Eines der größten versteckten Risiken in der dezentralen Speicherung ist das "Lazy-Node"-Problem—bei dem ein Speicheranbieter Daten löscht, um Kosten zu sparen, und nur versucht, sie von anderen Knoten abzurufen, wenn er herausgefordert wird. Die meisten bestehenden Protokolle gehen von einem synchronen Netzwerk aus, um dies zu verhindern, aber in der realen Welt sind Netzwerkverzögerungen häufig und können ausgenutzt werden.
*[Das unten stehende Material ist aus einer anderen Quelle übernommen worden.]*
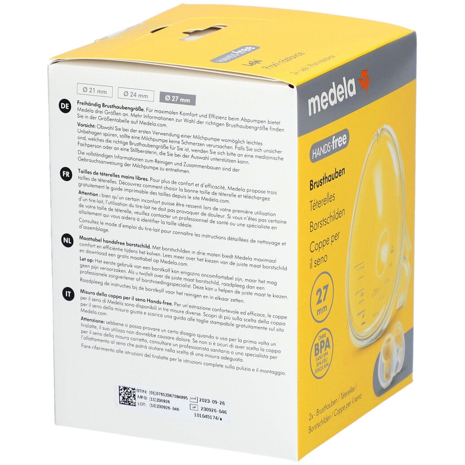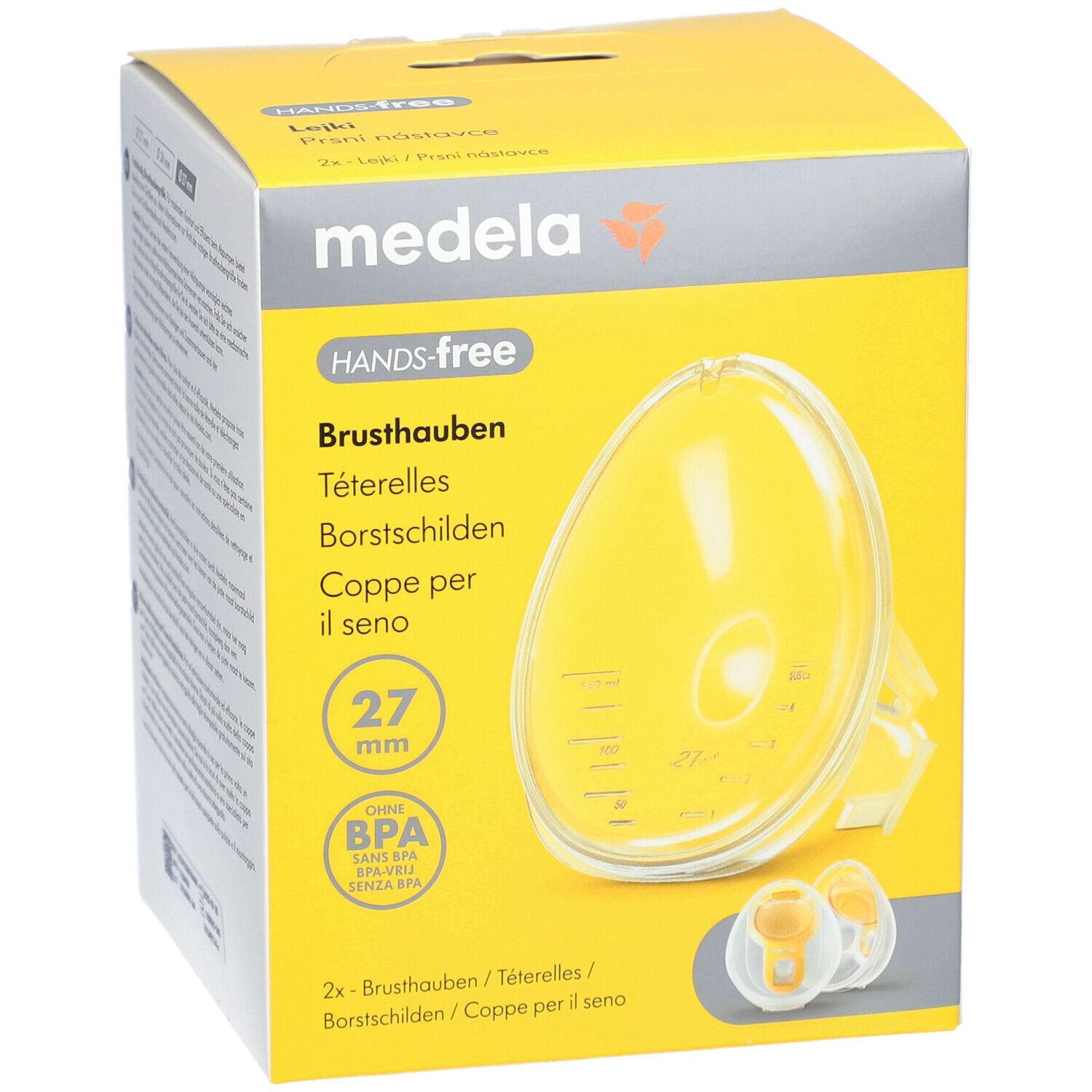 Freestyle™ Hands-free Brusthauben - специальные насадки для молокоотсоса Medela Freestyle™ размером 27 мм. Обеспечивают комфортное и эффективное сцеживание благодаря углу раскрытия 105°, который снижает давление на ткань груди и максимизирует поток молока. Изготовлены из безопасного пищевого пластика без BPA, латекса и фталатов. В комплекте 2 насадки.

Walrus ist das erste Protokoll, das entwickelt wurde, um Speicherherausforderungen in asynchronen Netzwerken zu unterstützen. Es erreicht dies durch seine einzigartige 2D-Codierung, die unterschiedliche Schwellenwerte für seine beiden Dimensionen festlegt. Eine Dimension hat einen niedrigen Schwellenwert, der für eine effiziente Wiederherstellung verwendet wird, während die zweite einen höheren Schwellenwert für das Lesen und die Herausforderungen hat.
Diese mathematische "Lücke" verhindert, dass ein Gegner genügend Informationen von ehrlichen Knoten sammelt, um während Netzwerkverzögerungen eine herausfordernde Antwort zu fälschen. Zum ersten Mal können Benutzer sichergestellt sein, dass ihre Daten von den spezifischen Knoten gehalten werden, für die sie bezahlen, selbst unter unvorhersehbaren Netzwerkbedingungen. Dies macht Walrus zu einem führenden Anbieter von Asynchronous Complete Data Storage (ACDS).